- **Aim of the exercise**: Return the full set of records, matching them character for character.

#### Data excerpts

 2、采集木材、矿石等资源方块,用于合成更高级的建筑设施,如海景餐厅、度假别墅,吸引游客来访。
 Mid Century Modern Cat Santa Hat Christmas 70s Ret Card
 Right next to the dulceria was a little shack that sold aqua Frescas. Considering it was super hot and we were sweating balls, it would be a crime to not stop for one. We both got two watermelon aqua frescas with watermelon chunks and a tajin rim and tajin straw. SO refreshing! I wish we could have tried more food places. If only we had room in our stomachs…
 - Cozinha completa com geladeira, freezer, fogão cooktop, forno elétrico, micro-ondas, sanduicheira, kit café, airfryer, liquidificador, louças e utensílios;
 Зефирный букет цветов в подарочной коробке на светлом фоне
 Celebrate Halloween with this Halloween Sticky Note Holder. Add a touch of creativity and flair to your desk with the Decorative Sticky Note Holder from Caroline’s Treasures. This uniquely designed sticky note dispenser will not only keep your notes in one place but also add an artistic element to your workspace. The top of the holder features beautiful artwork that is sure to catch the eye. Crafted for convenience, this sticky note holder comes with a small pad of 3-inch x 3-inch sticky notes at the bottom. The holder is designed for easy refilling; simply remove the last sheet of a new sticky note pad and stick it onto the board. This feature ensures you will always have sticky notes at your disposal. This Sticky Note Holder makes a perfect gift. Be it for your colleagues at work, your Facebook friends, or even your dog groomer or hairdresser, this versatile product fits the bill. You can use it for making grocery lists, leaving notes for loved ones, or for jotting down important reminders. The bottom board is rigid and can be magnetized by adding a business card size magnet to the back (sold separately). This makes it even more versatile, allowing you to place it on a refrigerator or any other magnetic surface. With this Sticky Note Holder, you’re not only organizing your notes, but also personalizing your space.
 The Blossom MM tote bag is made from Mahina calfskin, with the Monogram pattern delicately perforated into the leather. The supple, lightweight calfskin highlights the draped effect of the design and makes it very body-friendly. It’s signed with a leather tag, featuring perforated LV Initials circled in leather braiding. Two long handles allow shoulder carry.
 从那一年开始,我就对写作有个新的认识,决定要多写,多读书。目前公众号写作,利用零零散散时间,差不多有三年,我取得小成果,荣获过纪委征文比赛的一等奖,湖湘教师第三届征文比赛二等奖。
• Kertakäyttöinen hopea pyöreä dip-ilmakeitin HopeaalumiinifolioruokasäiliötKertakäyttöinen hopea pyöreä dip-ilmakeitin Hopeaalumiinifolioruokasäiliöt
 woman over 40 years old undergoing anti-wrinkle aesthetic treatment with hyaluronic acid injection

########

- **Reply**:
 2、采集木材、矿石等资源方块,用于合成更高级的建筑设施,如海景餐厅、度假别墅,吸引游客来访。
 Mid Century Modern Cat Santa Hat Christmas 70s Ret Card
 Right next to the dulceria was a little shack that sold aqua Frescas. Considering it was super hot and we were sweating balls, it would be a crime to not stop for one. We both got two watermelon aqua frescas with watermelon chunks and a tajin rim and tajin straw. SO refreshing! I wish we could have tried more food places. If only we had room in our stomachs…
 - Cozinha completa com geladeira, freezer, fogão cooktop, forno elétrico, micro-ondas, sanduicheira, kit café, airfryer, liquidificador, louças e utensílios;
 Зефирный букет цветов в подарочной коробке на светлом фоне
 Celebrate Halloween with this Halloween Sticky Note Holder. Add a touch of creativity and flair to your desk with the Decorative Sticky Note Holder from Caroline’s Treasures. This uniquely designed sticky note dispenser will not only keep your notes in one place but also add an artistic element to your workspace. The top of the holder features beautiful artwork that is sure to catch the eye. Crafted for convenience, this sticky note holder comes with a small pad of 3-inch x 3-inch sticky notes at the bottom. The holder is designed for easy refilling; simply remove the last sheet of a new sticky note pad and stick it onto the board. This feature ensures you will always have sticky notes at your disposal. This Sticky Note Holder makes a perfect gift. Be it for your colleagues at work, your Facebook friends, or even your dog groomer or hairdresser, this versatile product fits the bill. You can use it for making grocery lists, leaving notes for loved ones, or for jotting down important reminders. The bottom board is rigid and can be magnetized by adding a business card size magnet to the back (sold separately). This makes it even more versatile, allowing you to place it on a refrigerator or any other magnetic surface. With this Sticky Note Holder, you’re not only organizing your notes, but also personalizing your space.
 The Blossom MM tote bag is made from Mahina calfskin, with the Monogram pattern delicately perforated into the leather. The supple, lightweight calfskin highlights the draped effect of the design and makes it very body-friendly. It’s signed with a leather tag, featuring perforated LV Initials circled in leather braiding. Two long handles allow shoulder carry.
 从那一年开始,我就对写作有个新的认识,决定要多写,多读书。目前公众号写作,利用零零散散时间,差不多有三年,我取得小成果,荣获过纪委征文比赛的一等奖,湖湘教师第三届征文比赛二等奖。
• Kertakäyttöinen hopea pyöreä dip-ilmakeitin HopeaalumiinifolioruokasäiliötKertakäyttöinen hopea pyöreä dip-ilmakeitin Hopeaalumiinifolioruokasäiliöt
 woman over 40 years old undergoing anti-wrinkle aesthetic treatment with hyaluronic acid injection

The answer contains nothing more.